I have a number of users who have different roles in relation to a numbers of posts. These roles are owner, editor, viewer, none. Each user may only have one role for a post. I have represented this as a has many through relationship in rails as follows:
class User < ActiveRecord::Base
has_many :roles
has_many :posts, :through => :roles
end
class Post < ActiveRecord::Base
has_many :roles
has_many :users, through => :roles
end
class Role < ActiveRecord::Base
attr_accessor :role
belongs_to :users
belongs_to :posts
end
Where the role attribute is used to indicate which type of role the user has on the post.

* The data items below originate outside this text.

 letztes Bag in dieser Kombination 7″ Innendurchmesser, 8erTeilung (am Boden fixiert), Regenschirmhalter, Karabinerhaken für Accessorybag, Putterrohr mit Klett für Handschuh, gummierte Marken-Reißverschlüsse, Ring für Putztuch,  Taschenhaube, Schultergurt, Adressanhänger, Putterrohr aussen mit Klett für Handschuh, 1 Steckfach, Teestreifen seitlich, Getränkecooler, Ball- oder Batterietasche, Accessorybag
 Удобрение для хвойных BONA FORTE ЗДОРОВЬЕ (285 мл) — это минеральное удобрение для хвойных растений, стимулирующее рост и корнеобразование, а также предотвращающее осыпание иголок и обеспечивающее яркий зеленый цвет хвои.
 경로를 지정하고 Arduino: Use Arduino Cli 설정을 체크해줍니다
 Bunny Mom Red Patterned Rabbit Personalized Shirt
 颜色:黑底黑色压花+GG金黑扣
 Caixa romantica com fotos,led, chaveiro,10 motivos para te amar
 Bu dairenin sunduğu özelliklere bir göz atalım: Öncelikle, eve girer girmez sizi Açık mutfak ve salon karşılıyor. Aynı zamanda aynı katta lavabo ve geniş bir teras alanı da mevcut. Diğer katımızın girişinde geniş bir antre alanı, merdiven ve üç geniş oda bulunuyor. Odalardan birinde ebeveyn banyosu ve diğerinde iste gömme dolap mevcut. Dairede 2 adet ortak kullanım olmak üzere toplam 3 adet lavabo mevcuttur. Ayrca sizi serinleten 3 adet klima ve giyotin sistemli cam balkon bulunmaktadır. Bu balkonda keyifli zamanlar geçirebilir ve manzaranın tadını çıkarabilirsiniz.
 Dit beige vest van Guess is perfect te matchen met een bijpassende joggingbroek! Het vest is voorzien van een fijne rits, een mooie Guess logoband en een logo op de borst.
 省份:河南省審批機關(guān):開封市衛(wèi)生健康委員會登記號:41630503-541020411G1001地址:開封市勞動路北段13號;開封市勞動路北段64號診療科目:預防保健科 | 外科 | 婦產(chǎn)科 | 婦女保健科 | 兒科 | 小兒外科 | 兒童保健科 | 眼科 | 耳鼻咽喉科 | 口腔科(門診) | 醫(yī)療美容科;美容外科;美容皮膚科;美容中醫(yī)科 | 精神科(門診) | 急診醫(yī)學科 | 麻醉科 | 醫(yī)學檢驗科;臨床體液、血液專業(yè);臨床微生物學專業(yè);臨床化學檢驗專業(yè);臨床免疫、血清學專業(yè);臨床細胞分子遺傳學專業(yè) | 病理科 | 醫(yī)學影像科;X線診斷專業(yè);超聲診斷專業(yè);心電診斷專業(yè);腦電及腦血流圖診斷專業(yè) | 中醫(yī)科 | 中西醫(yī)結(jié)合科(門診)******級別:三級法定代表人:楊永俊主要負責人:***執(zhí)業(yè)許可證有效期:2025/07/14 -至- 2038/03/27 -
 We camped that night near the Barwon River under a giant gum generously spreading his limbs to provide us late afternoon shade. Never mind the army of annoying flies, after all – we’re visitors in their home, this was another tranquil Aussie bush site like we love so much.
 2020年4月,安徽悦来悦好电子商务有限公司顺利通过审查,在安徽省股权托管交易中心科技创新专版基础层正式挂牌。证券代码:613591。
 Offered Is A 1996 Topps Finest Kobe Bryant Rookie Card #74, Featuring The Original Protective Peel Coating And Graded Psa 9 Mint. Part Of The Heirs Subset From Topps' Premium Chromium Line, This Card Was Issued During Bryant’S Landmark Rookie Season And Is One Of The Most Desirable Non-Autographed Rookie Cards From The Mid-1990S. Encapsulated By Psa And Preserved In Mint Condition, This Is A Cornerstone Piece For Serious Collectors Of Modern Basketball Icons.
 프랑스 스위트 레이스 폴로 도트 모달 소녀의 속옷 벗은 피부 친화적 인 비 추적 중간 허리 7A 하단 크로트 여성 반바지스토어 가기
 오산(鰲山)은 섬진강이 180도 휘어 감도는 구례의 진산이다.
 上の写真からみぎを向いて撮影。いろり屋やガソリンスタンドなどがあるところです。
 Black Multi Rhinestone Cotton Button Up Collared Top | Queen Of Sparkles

When setting a new role I cannot simply use the << operator as it wont set the role attribute. What is the preferred way of handling this situation? How can I enforce that there is only one role per user / post combination and enforce this in my Role creation logic?
You can check in the creation of roles for the User , if he already has a role assigned in which case you can skip assigning this role.
unless user.roles.present?
user.roles.create
end
I understand that you want to make sure that no user will have more than one role for a certain post. If this is what you want to achieve then you just need to add uniquness validation to your Role mode
validates :user_id, uniqueness: {scope: :post_id, message: 'User can have one role per post'}
this will ensure that the combination of user_id and post_id will be unique, you can see more on rails guide on validation with scope.